Oh we disagree entirely. I am openly mocking the idea that you should learn the job by not doing it. That data scientists are just oh so special that no one can be a junior at it.

It's ridiculous. If you can't mentor someone at the job, then that speaks to your failures. It's not the job that's the problem.

You can have junior position for everything, so long as you revise your expectations.

A lot of firm, rebrand analysts jobs to be junior data-scientists position to essentially attract candidates, so yeah you can be "junior" at it, but it's essentially a different job.

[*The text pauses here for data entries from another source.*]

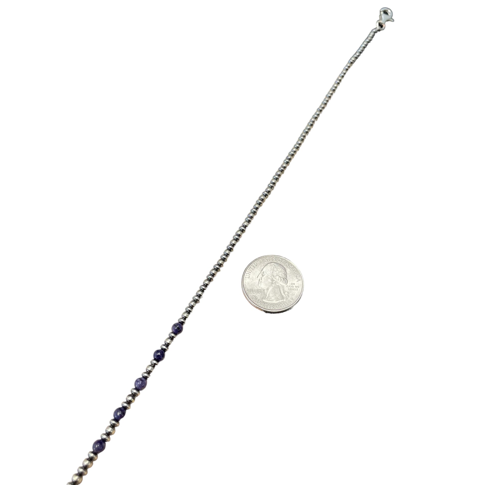 Necklace is available in 14" or 18" long with 2" extender and mixed silver beads. It is 3/16" at the widest point.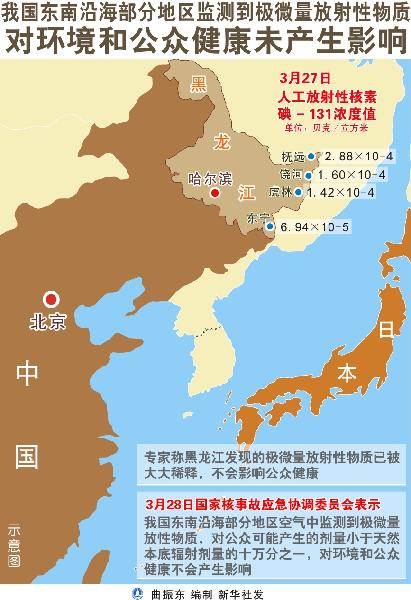 圖表:我國(guó)東南沿海部分地區(qū)監(jiān)測(cè)到極微量放射性物質(zhì) 新華社發(fā)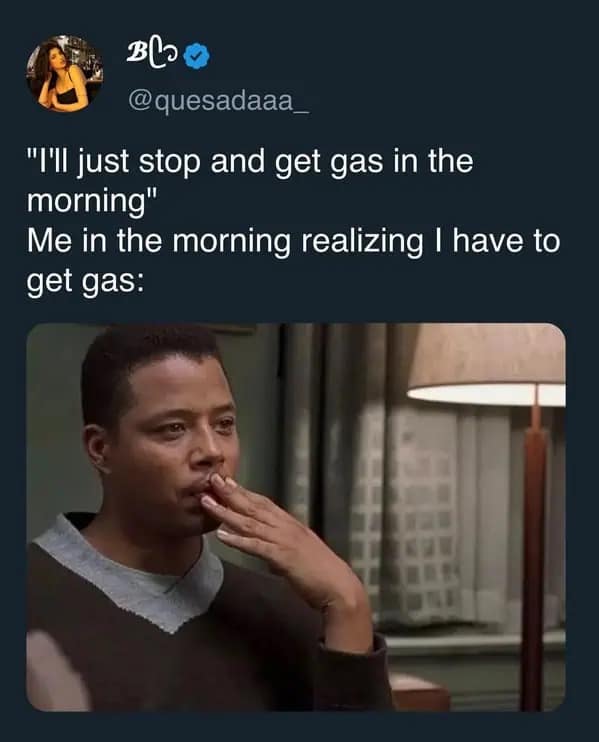 Hilarious meme about regretting not getting gas the night before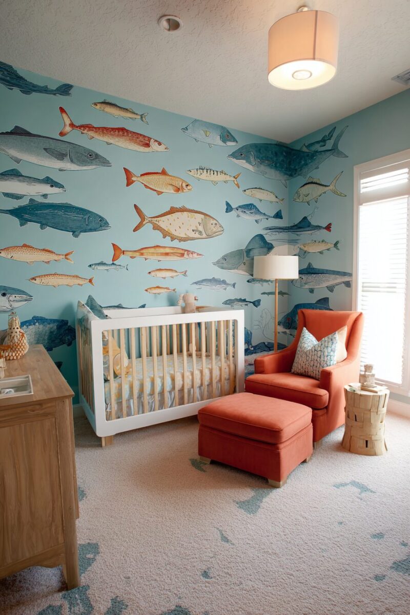 Transform your nursery into a tribute to aquatic sports’ golden age with vintage diving boards, swimming medals, and classic pool signage.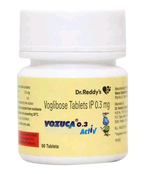 Vozuca Activ 0.3 Tablet is a medicine used to treat type 2 diabetes mellitus. It helps control the high blood sugar levels in your body after each meal. It is used when other similar medicines along with a restricted diet, are unable to control abnormally high blood sugar levels.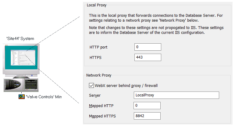 - HTTPS Port—Enter the number of the secure web server port (XML) used by the ‘target’ system. This typically has to match the number configured in the HTTPS port field in the Local Proxy section of the WebX settings for the ‘target’ system (see Define the Local Proxy Settings for the Original WebX Server). The exception to this is if your system uses a proxy server or proxy firewall for communications between the Original WebX server and Original WebX clients (see Define the Network Proxy Settings for the Original WebX Server) and the Original WebX clients communicate with Geo SCADA Expert via the proxy. With such a setup, you typically specify the secure port on the proxy server that maps through to the Original WebX server port - that is, the proxy port number that matches the Mapped HTTPS Port configured in the WebX Proxy settings for the 'target' system (see Define the Network Proxy Settings for the Original WebX Server).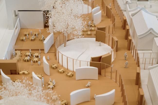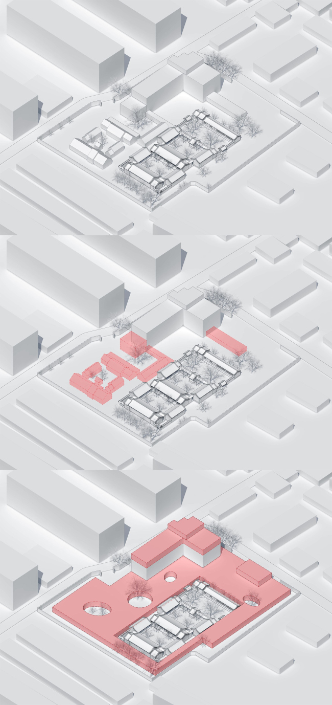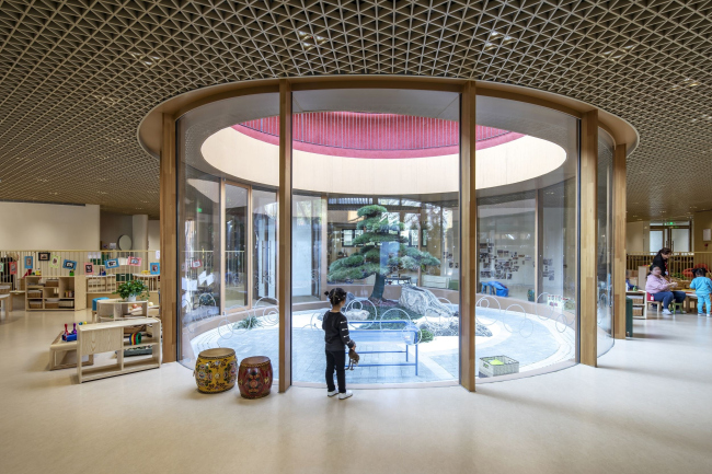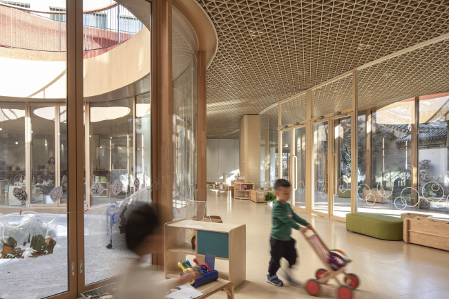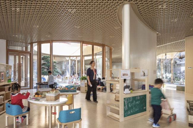 Архитекторы снесли новодельную усадьбу и вписали детский сад в свободное пространство вокруг исторического сыхэюаня; по словам архитекторов, их здание как будто держит его на ладони. Старое и новое сооружения составляют единый комплекс на 390 детей в возрасте от полутора до шести лет.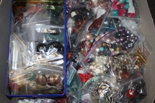 A BOX OF ASSORTED COSTUME JEWELLERY BEADS & BUTTONS ETC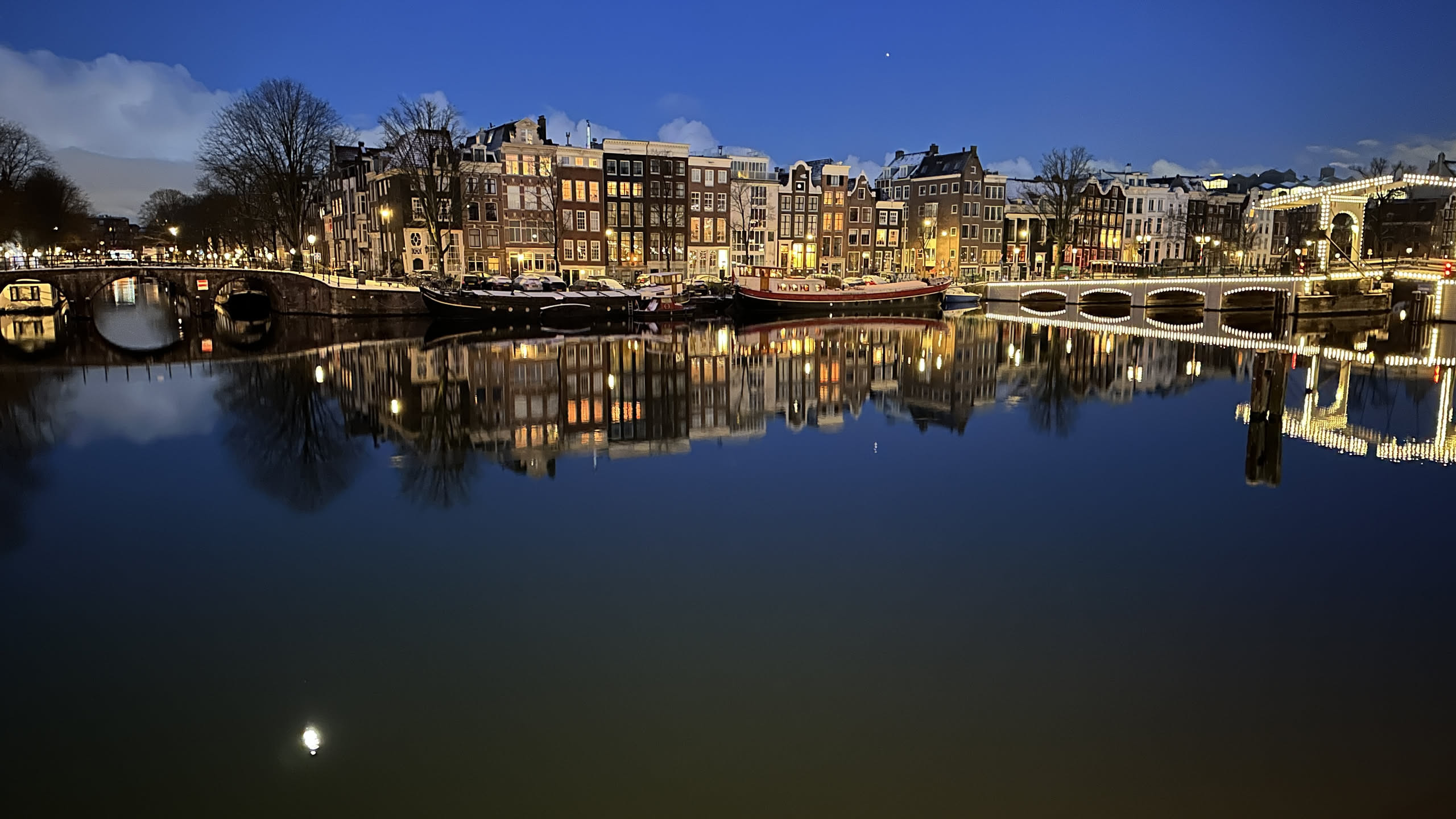 canal houses along a river with an illuminated bridge to the side. the reflections of the moon and houses are visible in the ripples.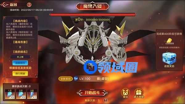 3. 每次挑战魔物战斗胜利后,将根据本场战斗对首领造成的伤害值,获得对应阶段的战斗奖励;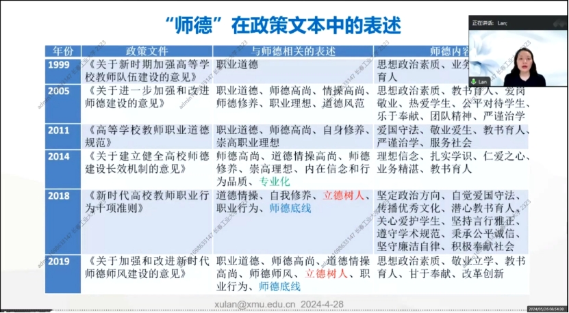 (通讯员:关迪)为贯彻落实习近平总书记关于研究生教育工作的重要指示精神,落实研究生导师立德树人根本任务,提升研究生导师教书育人能力素质,切实保障澳门网投官网研究生培养质量,促进学校研究生教育事业高质量发展。根据《教育部关于全面落实研究生导师立德树人职责的意见》(教研〔20181号)、《澳门网投官方网站研究生指导教师培训管理办法》(研字〔20227号)等文件精神,澳门网投官方网站于2024526日上午830分,第三期培训班在线上如期举行,学院副院长杨凯副教授主持会议,学院全体研究生指导教师参加了本次培训。本次培训由厦门大学徐岚老师讲述导师指导过程与师生关系如何影响研究生培养质量。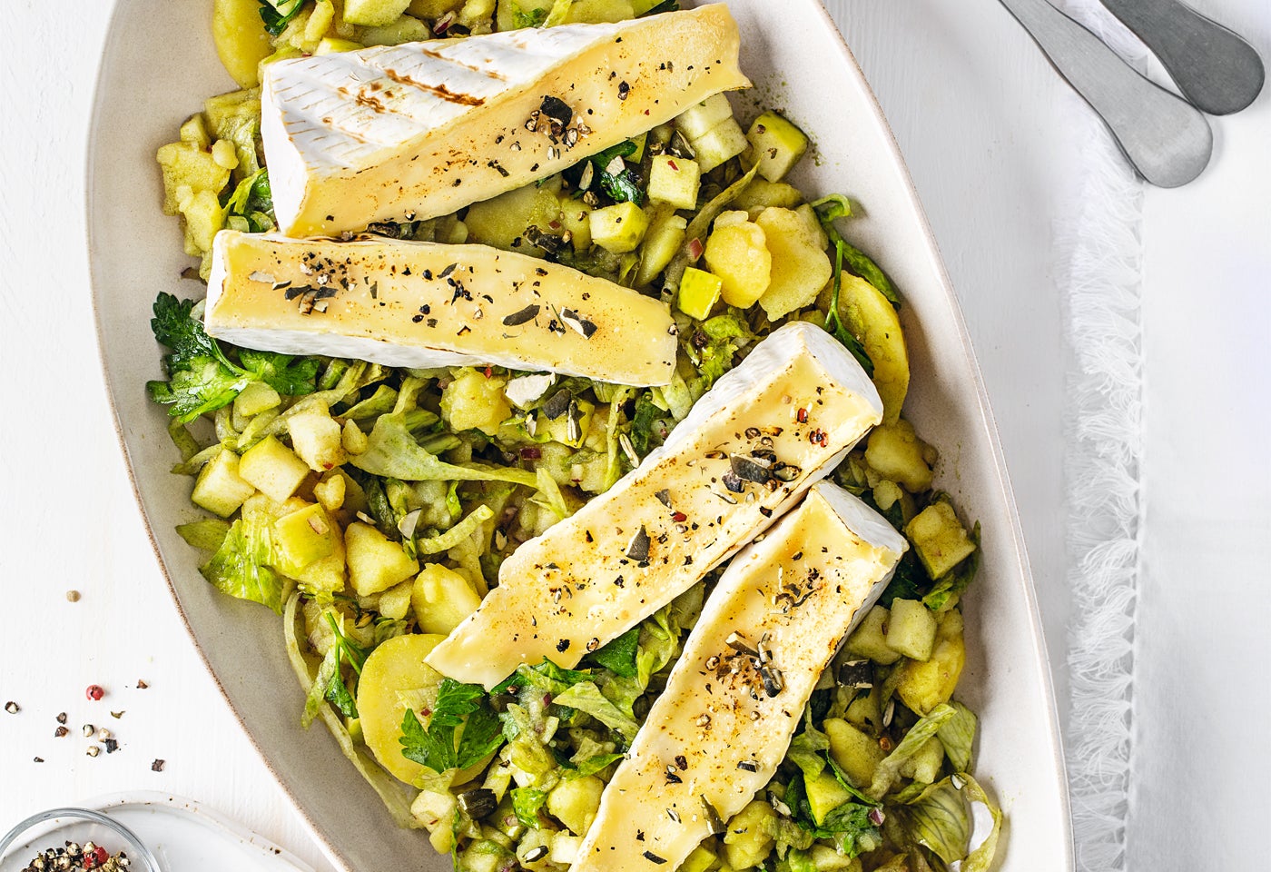 Lauwarmer Erdäpfel-Endivien-Salat mit Äpfeln und Brie
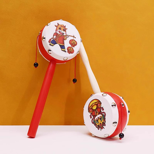 12生肖拨浪鼓木质老式 1岁宝宝手工传统玩具 羊皮新生婴儿可啃咬0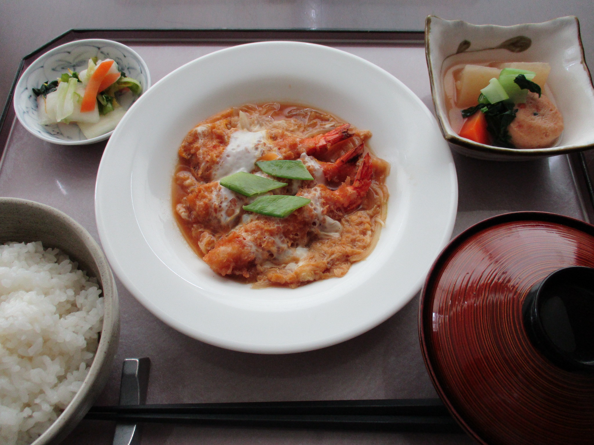12月22日のランチ 海老フライ卵とじ
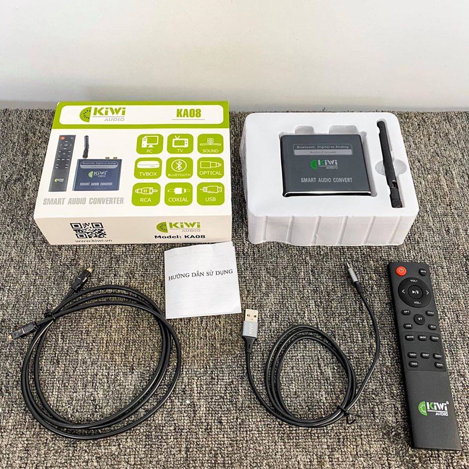 - Bộ giải mã âm thanh – Chuyển quang KA08 (Đầu vào bao gồm các cổng: Quang học -Optical, Đầu jack 3.5mm, Coxial, USB, Bluetooth), đầu ra âm thanh: cổng AV (đầu bông sen trắng, đỏ)
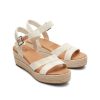 Your elevated sandal staple: our mid-height Audrey wedge linen sandals. Featuring ultra-feminine design details like to-the-floor rope wrap, glimmering metallic pops that go beyond basic beige, and a chic ankle strap buckle. Achieve effortless elegance and look stylish from seaside vacations to outdoor weddings and keep comfortable every step of the way.Linen upper with metallic stripe detailing.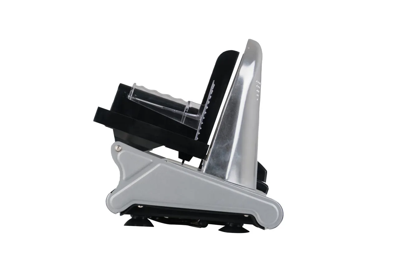 Все ключевые элементы слайсера изготовлены из нержавеющей стали, что облегчает чистку и предотвращает коррозию. Рекомендуется регулярно промывать устройство после работы, уделяя особое внимание ножу и местам соприкосновения с продуктом, чтобы избежать накопления остатков.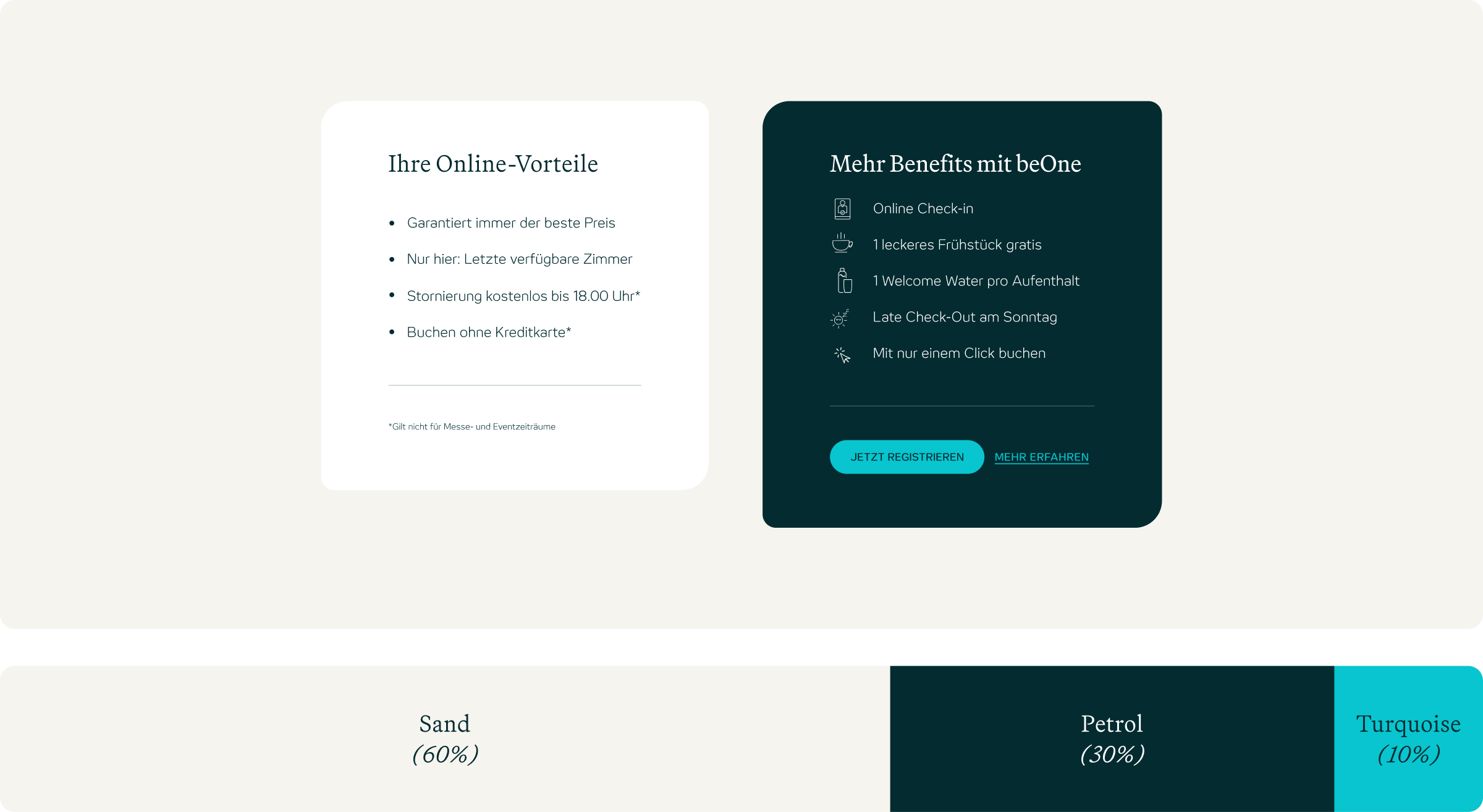 We detached turquoise from price communication and defined it as the brand’s anchor, ensuring recognition across all touchpoints, contrasted by petrol and softened with the warmth of sand.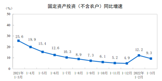 1—3月份,全国固定资产投资(不含农户)104872亿元,同比增长9.3%。其中,民间固定资产投资59622亿元,同比增长8.4%。从环比看,3月份固定资产投资(不含农户)增长0.61%。

It seems like what op is trying to say is that being a data scientist is a cross disciplinary position, so you can't really start off as a data scientist, rather you become one through other positions. However, their complaints feel more like either an inability or unwillingness to make the team a place for its members to grow. Ideally, members would be doing code review, so issues with ugly/inefficient code can be addressed and learned from. Getting up to speed on the organization's systems, which system to use situationally, general philosophical thinking behind what the data is, which problems to solve and how to solve them are definitely things that come out when a mid-level mentors a junior, which should be a thing that happens on the team, because it not only helps the juniors get up to speed, but it reinforces the mid-level member's knowledge. I think that speaks to real structural issues in how the team is set up, and if op's the head of a data team, I wouldn't want to work for him or for a company he works at in that capacity.
There is no issue hiring juniors, they have a lot to learn and they should be coached through it for sure. That mid level, help coach juniors, is also not an issue. But I would rather hire a junior analyst or a junior engineer than a junior data-scientist. The breadth of what they need to learn before actually delivering value is quite vast.

I can hire an analyst or engineer and quickly they will be able to learn, get good at something and deliver value. After 2 years they can easily grow into a data-scientist with the good base they have had from their previous positions.

Some organization essentially rebrand analysts positions to "junior datascientist", but I believe this make it a mismatch of expectation for graduates getting out of school.